There, you’re all music’d up and ready to face your Monday. Go get ’em, tiger.
Jonathan Vos Post is not only a science fiction novelist who has been in the Nebula Awards Anthology, and wrote 12 novel manuscripts in the past two years, but was also a barely adequate musician.
Andres Segovia [1893-1987], from Spain, was the most famous guitarist of all time. He brought the classical guitar from its folk- and dance-related image to the symphonies and concert halls of the most established musical prominence. He developed an approach to plucking the guitar strings with the fingernails of the right hand, which became the dominant school of guitar, displacing the gentler and more lyrical Neapolitan school which used the fingertips. I’ve spent some time with the elderly son the woman who led the Neapolitan school, and boy, did he hate Segovia
Christopher Parkening is arguably the greatest American performer of Classical Guitar.
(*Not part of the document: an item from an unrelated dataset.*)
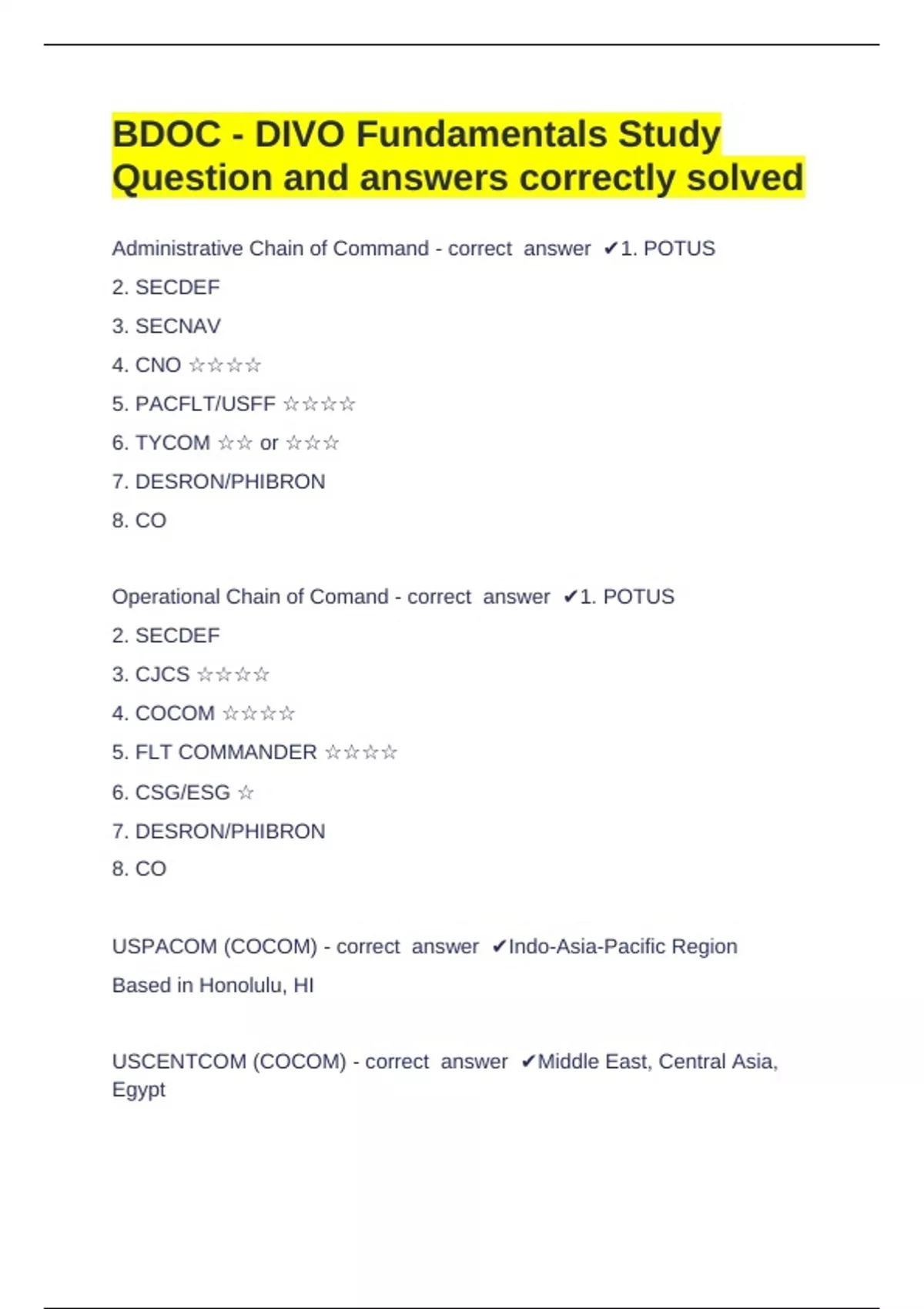 Operational Chain of Comand - correct answer ✔1. POTUS

After a year of intensive Classical Guitar at Brookdale Community College, under Christopher Parkening’s master student Barry Eisner, where I was Publishing Editor of the 24-page underground Music newspaper Sound Options (25,000 readers), I was able to play a few baroque pieces and original compositions at community college concerts, and then retired to the occasional original song at Woodstock, various parties and resorts, and while hitchiking across America, singing for my supper. And wrote one song that was performed on MTV.
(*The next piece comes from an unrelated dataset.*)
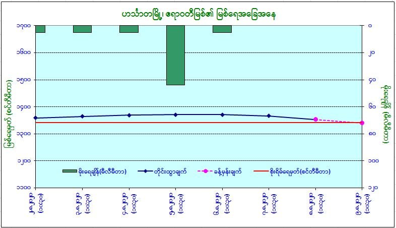 ယနေ့မြန်မာစံတော်ချိန် (၁၀:၃၀)နာရီအချိန် တိုင်းထွာချက်အရ ဧရာဝတီမြစ် ရေသည် ဟင်္သာတမြို့တွင် ပေဝက်ခန့် ယင်းမြို့၏ စိုးရိမ်ရေမှတ်အထက်သို့ ကျော်လွန်ရောက်ရှိနေပါသည်။ အဆိုပါမြစ်ရေ သည် နောက်(၁)ရက်အတွင်း ယင်းမြို့၏ စိုးရိမ်ရေမှတ်အောက် ပြန်လည်ကျဆင်းနိုင်ပါသည်။

My brother Andy, on the other hand, was a damned fine musician, wrote lyrics and played bass for The Planets, who had opened for KISS and The New York Dolls.
What I thumnbnail for new friends (of 4,250) on Facebook is: “I am a scientist and author, married to a scientist and author. I have degrees in Mathematics, English Literature, and Computer Science. I worked many years in the Space Program, was a Professor of Astronomy, Professor of Mathematics, then taught middle school and high school. I post original science fiction, fantasy or poetry on my Facebook Wall every day. Great to be connected!”
A couple of weeks ago I spent a week at the Research Station on Heron Island Nature Preserve, Great Barrier Reef, Queensland, Australia.
I presented for 50-minutes on “Complex Systems Theory and Science Fiction” to a transdisciplinary group of faculty and students at the 2nd week of a 2-week workshop on Complex Systems Theory, and chaired the Wednesday morning sessions. I was offered, and accepted, a visiting professorship, part time, the details to be disclosed upon higher-ups signing the agreement, and a funding agreement with a 3rd party.
The band at the resort bar at Heron Island Nature Preserve played 2 hours straight of damned fined covers of Pink Floyd.
They were damned fine musicians.
The link for Liberation doesn’t work.
fixed.
Money-making scheme for Whisperado: trademark that cover image and charge licensing fees to optometrists. *blink* *blink*
7/8? That’s nothin’. I once saw a stoned crowd in the 70s try to dance to a Yes song that’s in 11/8. It works if you don’t mind that half of the time you’re going to the right on the downbeat and half the time to the left.
Hey Dave,
Hey Dave,
Oops, apologies for the misfire on the first comment. Clearly the caffeine hasn’t quite kicked in yet.
I love the idea of a stoned Western crowd dancing to 11/8. Though the same thing of alternating feet that you’re talking about is true of 7/8–or any odd time signature. Unless, of course, you are Eastern European, in which case you *really* know how to dance to odd time signatures. I will never forget the first time I watched hundreds of people really boogie down in 11/8. That part of the world is centuries ahead of us on that score.